Iris Yuwen Zhou1,2, Abby Y. Ding1,2, Qi Li3,4, Frank Yik Hin Lee1,2, Shujuan J. Fan1,2, Kevin Chuen Wing Chan1,2, Grainne M. McAlonan3,4, Ed Xuekui Wu1,2
1Laboratory of Biomedical Imaging & Signal Processing, the University of Hong Kong, Hong Kong SAR, China, People's Republic of; 2Department of Electrical & Electronic Engineering, the University of Hong Kong, Hong Kong SAR, China, People's Republic of; 3Department of Psychiatry, the University of Hong Kong; 4Centre for Reproduction Growth & Development, the University of Hong Kong
Fear conditioning is a widely used procedure to study the neural basis of learning and memory.

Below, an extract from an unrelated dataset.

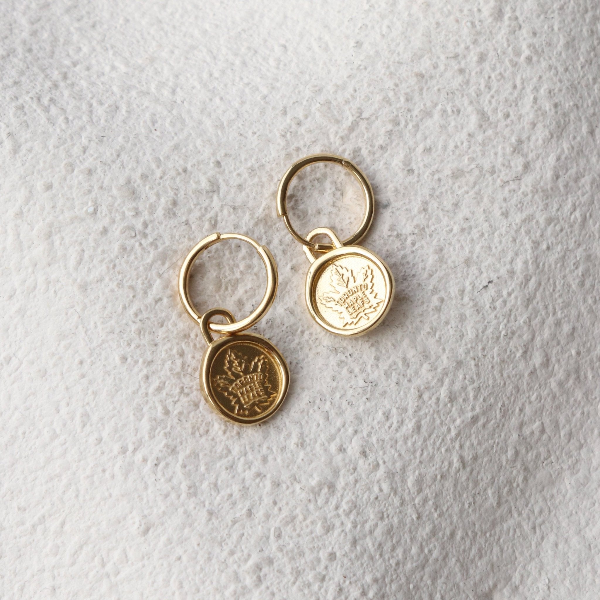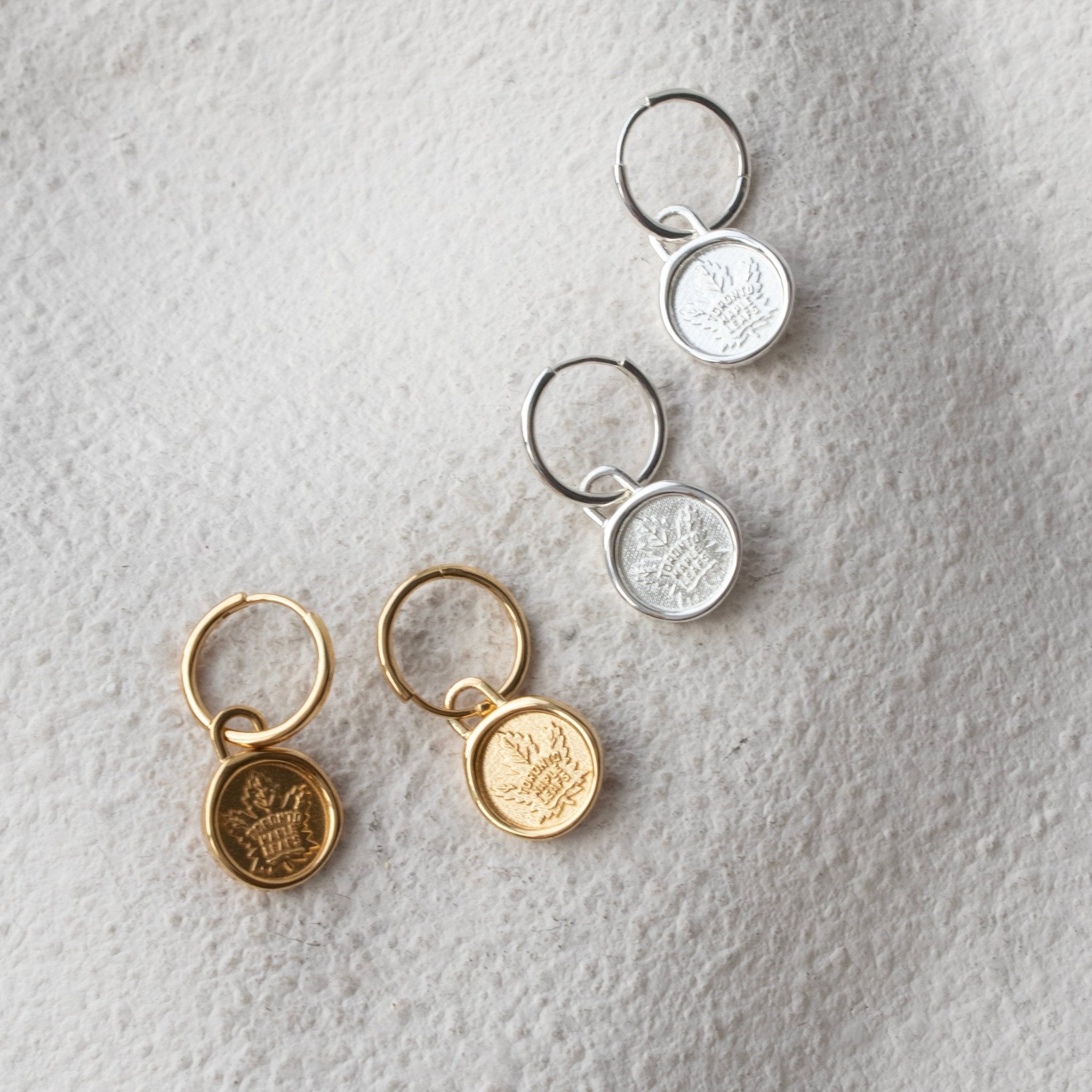 Show your team pride with these Toronto Maple Leafs logo charm hoop earrings. We love that the charm can be removed and added to the bracelet or chain necklaces in this series, or the hoops can be worn on their own. They are the perfect piece to elevate your style from game day to every day.

To study the neurocircuits behind this paradigm, in vivo MEMRI was employed to investigate the neural response after subjection to fear-conditioning in mice. Compared to controls, fear-conditioned animals exhibited higher Mn-uptake in amygdala, hippocampus, paraventricular nucleus of hypothalamus and cingulate cortex, which are all highly-involved in the process of fear. The results provide insights to neurocircuits involved in fear-conditioning and consolidate the capability of MEMRI as an in vivo probe for mapping neural activity.